Abstract

13504 Introduction: We report our single institutional experience of ICs associated with alemtuzumab treatment. Methods: Patients (pts) who received alemtuzumab were identified by review of the GUH pharmacy database. All ICs occurring from initiation of alemtuzumab until death or end of follow up as of January 3, 2007 were reviewed and categorized as opportunistic (OI) or non- opportunistic (NOIs). Pts who received hematopoetic stem cell or solid organ transplantation subsequent to alemtuzumab (n=33) or who could not tolerate test doses of alemtuzumab (n=1) were excluded from analysis. Results: Data were reviewed for 16 pts treated with alemtuzumab from February 2003 to September 2006. Median age was 60 years (range 40–78); with 4 females and 12 males.

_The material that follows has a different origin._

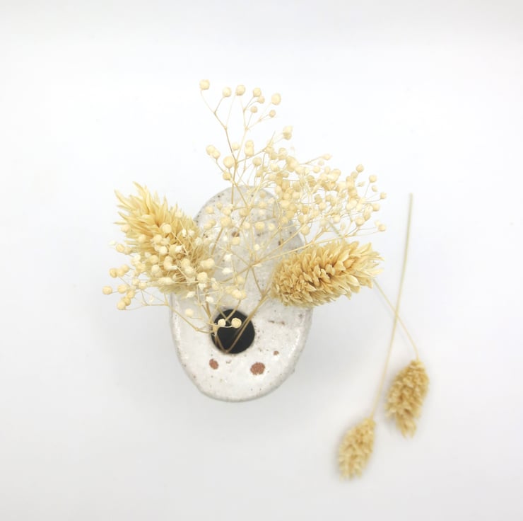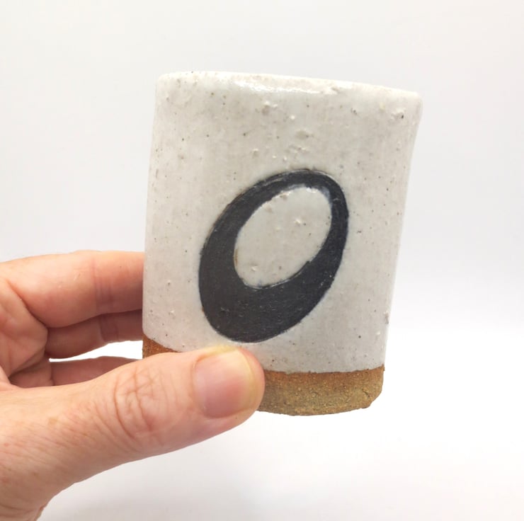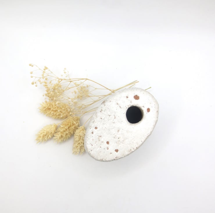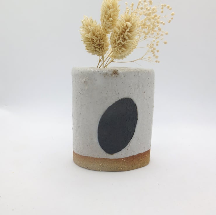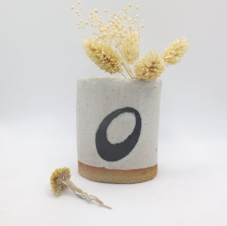A small oval bud vase, hand built from textured crank, buff coloured clay with a matt black oval motif on both sides. Fired to stoneware temperature (1280C) with a shiny white glaze. Would suit a dried flower sprig, but will hold water.
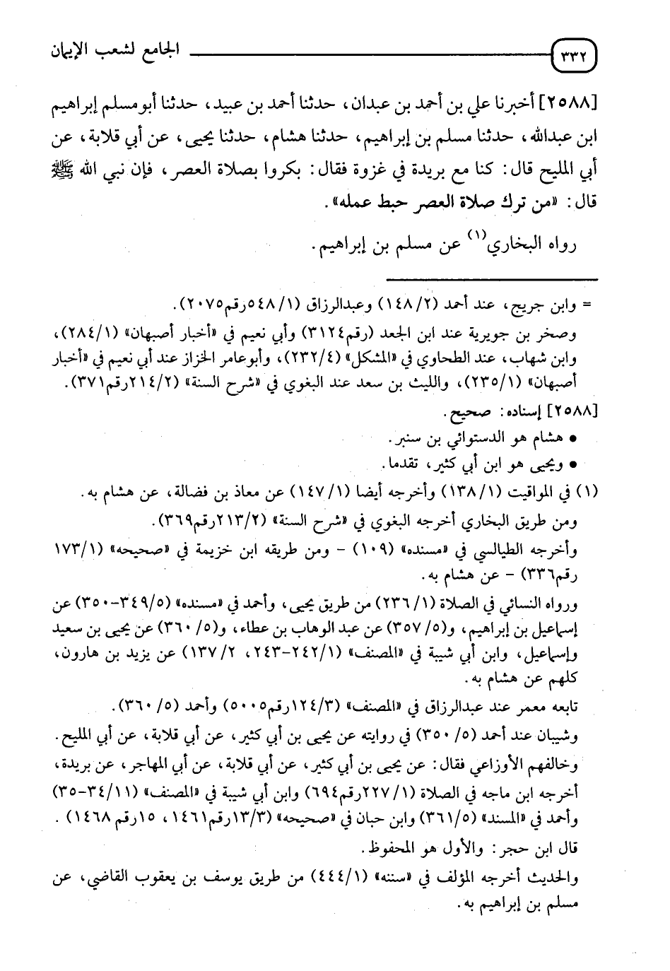 2588 - أَخْبَرَنَا عَلِيُّ بْنُ أَحْمَدَ بْنِ عَبْدَانَ، حَدَّثَنَا أَحْمَدُ بْنُ عُبَيْدٍ، حَدَّثَنَا أَبُو مُسْلِمٍ إِبْرَاهِيمُ بْنُ عَبْدِ اللهِ، حَدَّثَنَا مُسْلِمُ بْنُ إِبْرَاهِيمَ، حَدَّثَنَا هِشَامٌ، حَدَّثَنَا يَحْيَى، عَنْ أَبِي قِلَابَةَ، عَنْ أَبِي الْمَلِيحِ، قَالَ: كُنَّا مَعَ بُرَيْدَةَ فِي غَزْوَةٍ، فَقَالَ: بَكِّرُوا بِصَلَاةِ الْعَصْرِ فَإِنَّ نَبِيَّ اللهِ صَلَّى اللَّهُ عَلَيْهِ وَسَلَّمَ قَالَ: §" مَنْ تَرَكَ صَلَاةَ الْعَصْرِ حَبِطَ عَمَلُهُ " رَوَاهُ الْبُخَارِيُّ عَنْ مُسْلِمِ بْنِ إِبْرَاهِيمَ

Fifteen pts had chronic lymphocytic leukemia (CLL), and 1 had acute lymphoblastic leukemia (ALL). Median follow-up after starting alemtuzumab treatment was 462 days. Pts with CLL had an average of 2.4 prior treatments (range 1–6). The pt with ALL received alemtuzumab as part of multi-agent intensification chemotherapy regimen. Alemtuzumab was administered subcutaneously, 30 mg three times a week. Median of 29 doses (range 7- 45) were given. Among CLL pts there was 1CR, 8 PRs and 6 PDs (RR 60%). Pneumocystis jirovenci (PCP) and herpersvirus (HSV) prophylaxis was given to 15 (93%) pts. Cytomegalovirus (CMV) surveillance was performed for all. Absolute lymphocyte count (ALC) <1000/μL developed within 5 weeks in 12 (75%) pts. Median ALC at 8 weeks was 155/μL (range 0–18,612). Thirteen OIs were diagnosed in 9 (56%) pts including asymptomatic CMV viremia (n=5), PCP (n=2, one pt did not received PCP prophylaxis), invasive pulmonary aspergillosis (n=2), disseminated histoplasmosis (n=1), localized HSV (n=1), disseminated herpes zoster (n=1), and cerebral acanthamebiasis (n=1). Seven NOIs were noted in 6 pts including bacterial pneumonia, sinusitis, endocarditis and pseudo-membranous colitis. Mortality secondary to ICs was 31%. There was no correlation between ICs and age, duration of lymphoproliferative disorder, number of prior treatments, cumulative dose, response to alemtuzumab, or ALC. Conclusion: Despite adequate prophylaxis, ICs secondary to alemtuzumab are more frequent and diverse than previously reported in clinical trials. No significant financial relationships to disclose.